II. Jurisdiction and Standard of Review
The District Court had jurisdiction pursuant to 28 U.S.C. § 2241. We have
jurisdiction pursuant to 28 U.S.C. §§ 1291 and 2253(a).
We exercise plenary review over the District Court’s legal conclusions. Woodall
v. Fed. Bureau of Prisons, 432 F.3d 235, 239 n.3 (3d Cir. 2005).
III. Discussion
The sole issue before us is whether the District Court erred in concluding that the
prisoners’ challenge to their confinement on death row, after their death sentences had
been vacated, rather than in the general prison population, is not cognizable in a petition
for habeas corpus.
“Although both § 1983 and habeas corpus allow prisoners to challenge
unconstitutional conduct by state officers, the two are not coextensive either in purpose or
effect.” Leamer v.

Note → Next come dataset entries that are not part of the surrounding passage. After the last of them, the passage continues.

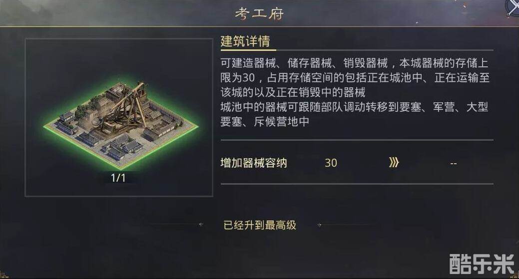 玩家想要获得霹雳在攻城时使用,需要通过考工府这一建筑。考工府专为玩家打造各种特殊器械,霹雳也不例外。
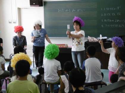「図書ボランティアの皆様によるお楽しみ会」が7月行われました。今年は、図書の蔵書のバーコード管理準備のため、夏休みの貸出できなかたっり、図書館開放がなかったりしました。バーコード化は図書ボランティアの皆様や教職員、図書補助員がいっしょになって無事終了することができました。ありがとうございました。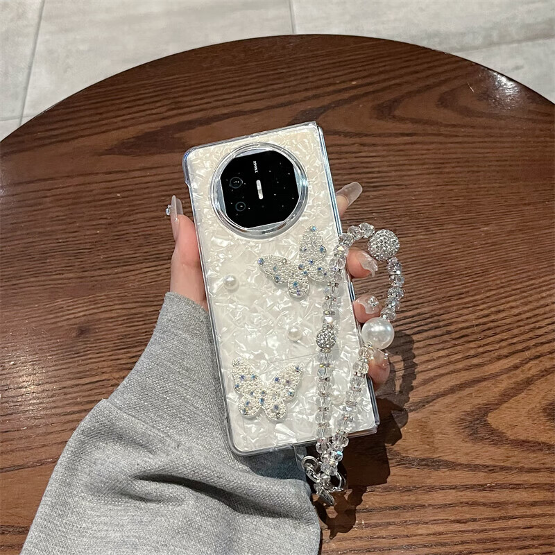 飞凡崛适用华为Matex6手机壳折叠屏matex5新款X3典藏版超薄白色贝壳纹蝴蝶珍珠镭射手链女全包防摔保护套 【白色*贝壳纹】立体蝴蝶*珍珠手链 华为 Mate X3 典藏版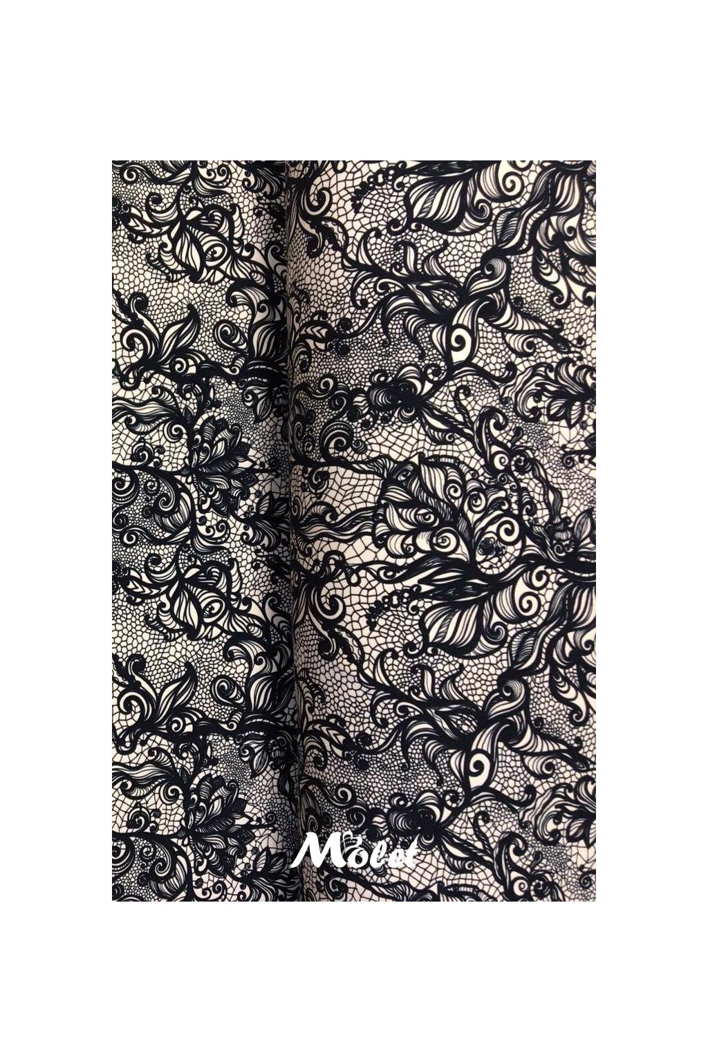 Černý digitální tisk krajky na světle béžovém podkladu.

Fauver, 288 F.3d 532, 540 (3d Cir. 2002). A habeas petition must be
used for a challenge to “the validity of the continued conviction or the fact or length of
the sentence.” Id. at 542. An action under § 1983 is appropriate for a challenge to “a
condition of confinement such that a finding in plaintiff’s favor would not alter his
sentence or undo his conviction.” Id.
4
The prisoners do not challenge the fact or duration of their imprisonment. Instead,
they complain of the restrictive conditions of death row and seek to be transferred into
the general prison population. As such, the prisoners raise “conditions of confinement”
claims that do not lie at the core of habeas and thus are properly brought pursuant to §
1983. See id. We find, therefore, that the District Court correctly dismissed the
prisoners’ habeas petition.
IV. Conclusion
For the reasons set forth above, we will affirm the judgment of the District Court.